The loveable homeless cat…

 

For the last 2 months, our family has been adopted by a beautiful, white stray cat. It has unilaterally decided that we belong to her, and no amount of reasoning and dissuading has been acceptable. With a commendable single minded determination, it has made itself comfortable outside on our varandah on a couch, surrounded by cushions and blankets that had been accidentally left out over the winter. Every time we open the backdoor or the front door she darts in unseen, runs between our legs, and is upstairs in under 5 seconds, in the childrens room where she hides under the bed, from where she has to be pulled out (not coaxed). This is like a game for her.

Now I have nothing against cats, but I don’t have the emotional capacity to add another baby to my family. So when she runs inside the house, I will chase it around and lift it in my arms, pet it, murmur sweet nothings in its ear, and then leave her outside in the backyard. It then goes around the house and mews at the front door – heart rendering cries that make my heart melt. Sometimes, when I am in the kitchen, she will mew at the laundry door that opens into the garage. During night, it stands outside my window and mews for hours together, hoping to and successful in inducing horrific amount of guilt. All my intrapsychic infrastructures are brimming with guilt !!!!
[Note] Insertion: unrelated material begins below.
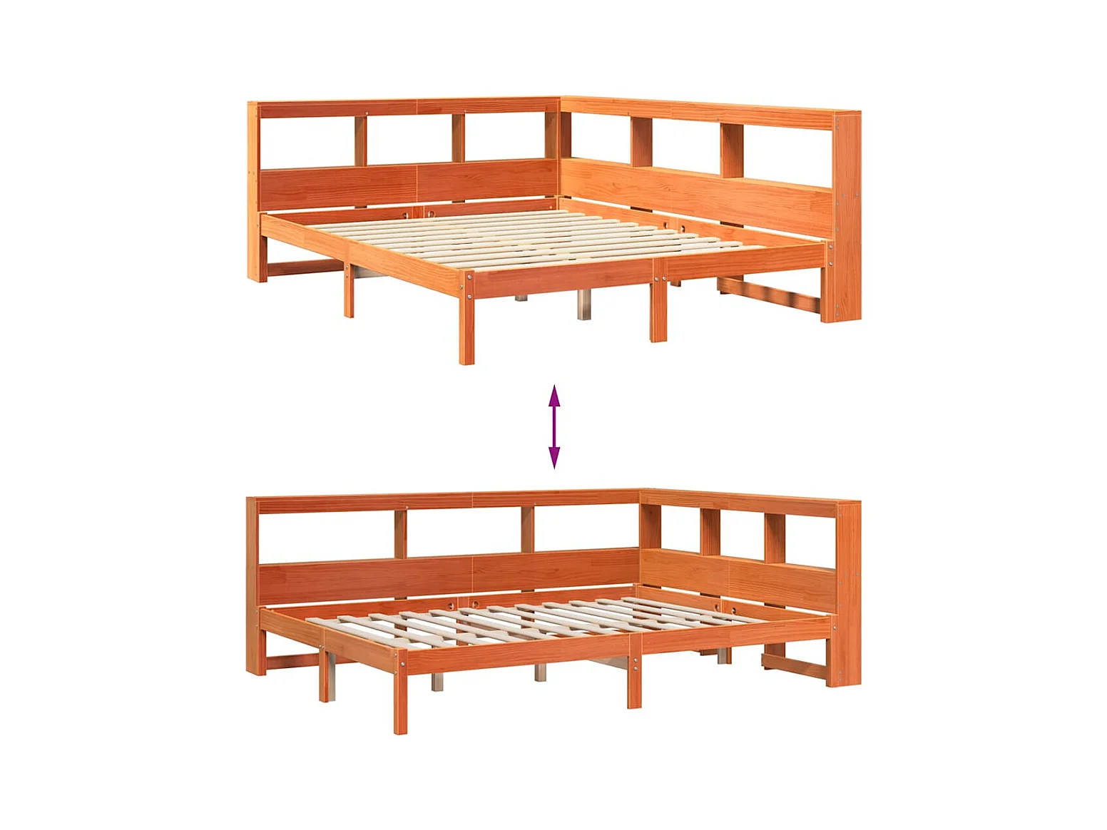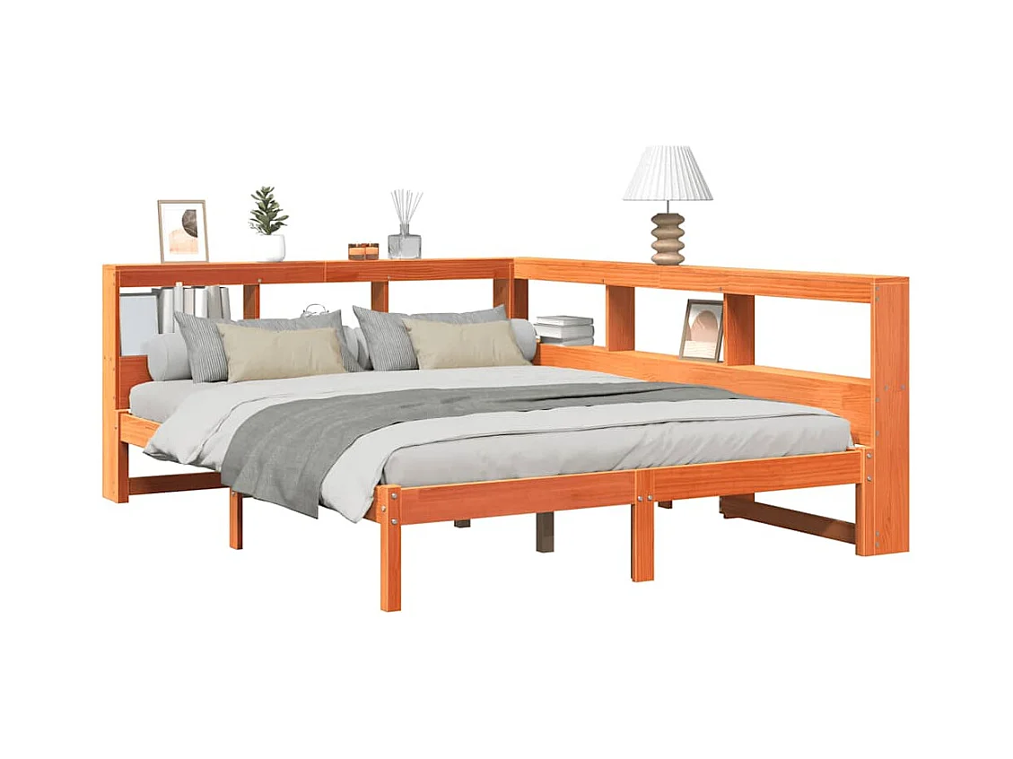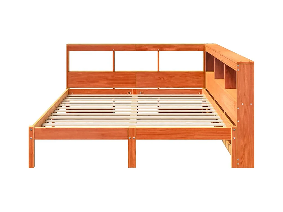 Bed met boekenkast zonder matras grenenhout wasbruin 140x200 cm

I know I am a softie, and get moved easily. I take on responsibilities that later are difficult to fulfil, that they often end up harming me. So I keep a stern face, manage a strong composure, and I let her be, telling myself “it is not my responsibility!” But even I don’tbelieve in that myth !!!  Dinnertimes are especially tough, it climbs onto the window and looks in with forlorn eyes, mewing sadly, trying to catch our attention. All of us hurt in our indifference, but there is little we can do.  I am also amazed at the manipulative powers of this little cat. She knows exactly what to say and do to pull at my heartstrings.

The cat is beautiful and very loveable – I just don’t have room for her in my life, or in my house. The kids love her, but don’t want to take care of her.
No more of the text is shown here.